Why is Structured Output Important
While the open-ended nature of language models is its defining feature, it is also a key limitation. Current systems that use LLMs often rely on clever prompting tricks to generate the desired output, along with a lot of post-processing and retry logic to ensure the output is valid.
For example, consider the task of generating a list of ingredients for a recipe. A commonly used approach would be to use a prompt like the following:
Could you please suggest a good recipe for spaghetti bolognese for a family of 4. Please return a list of ingredients in JSON format and ensure that all measurements are STRICTLY in grams.
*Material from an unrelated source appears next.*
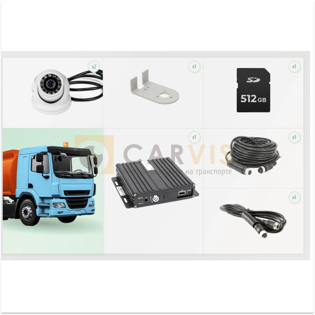 Предлагаемый набор оборудования представляет собой стандартное решение для грузовых автомобилей, выполняющих перевозку опасных грузов. При этом, в соответствии с потребностями вашей компании и характеристиками автотранспорта, возможно создать индивидуальный комплект видеонаблюдения.
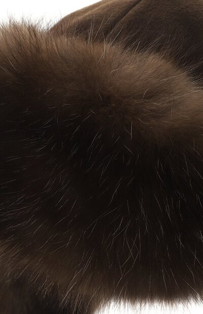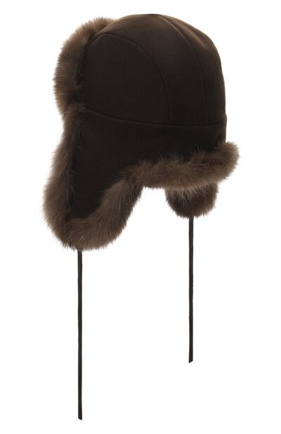 Классическая коричневая шапка-ушанка поможет с комфортом пережить сильные морозы. Модель сшили из ультрамягкого кашемира, который сохраняет тепло в восемь раз эффективнее шерсти, а весит гораздо меньше. Для отделки использовали роскошный мех дикого русского соболя с густой подпушью и шелковистым остевым волосом. За счет уникального природного градиента кажется, что материал сияет даже в пасмурную погоду.

Running this prompt on Chat-GPT, generates the following output:
Sure, here's a simple spaghetti bolognese recipe for a family of 4. The ingredients are listed in JSON format with measurements in grams:
{
"Ingredients": {
"Ground Beef": 500,
"Spaghetti": 400,
"Onion": 150,
"Carrot": 100,
"Celery": 100,
"Garlic": 3,
"Canned Chopped Tomatoes": 400,
"Tomato Paste": 30,
"Beef Stock": 250,
"Red Wine (optional)": 120,
"Olive Oil": 30,
"Salt": 10,
"Black Pepper": 5,
"Dried Oregano": 5,
"Dried Basil": 5,
"Bay Leaf": 2
}
}
Instructions for the recipe: ...
Generating it multiple times, results in variations in the results. In one run, it returned an array of ingredients instead:
{
"Ingredients": [
{
"Ingredient": "Spaghetti",
"Amount": 400
},
{
"Ingredient": "Lean Ground Beef",
"Amount": 400
},
...
]
}
While in another, it returned a key "Spaghetti Bolognese" with a nested array of ingredients. Even with the use of one-shot or multi-shot prompts, there's no guarantee that the output will be consistent. When utilizing the API, employing the new JSON mode
feature can secure a valid JSON object without extraneous text and instructions. Nevertheless, this method doesn't guarantee a meaningful or consistent schema in the output.1
Imagine if we can reliably coerce the output to the exact format that is required. This would remove the need for arbitrary validation logic. With well-structured and predictable responses, integration of the output with other functions or downstream APIs becomes seamless. Ensuring accurate structured outputs stands as a prerequisite in the development of reliable AI applications.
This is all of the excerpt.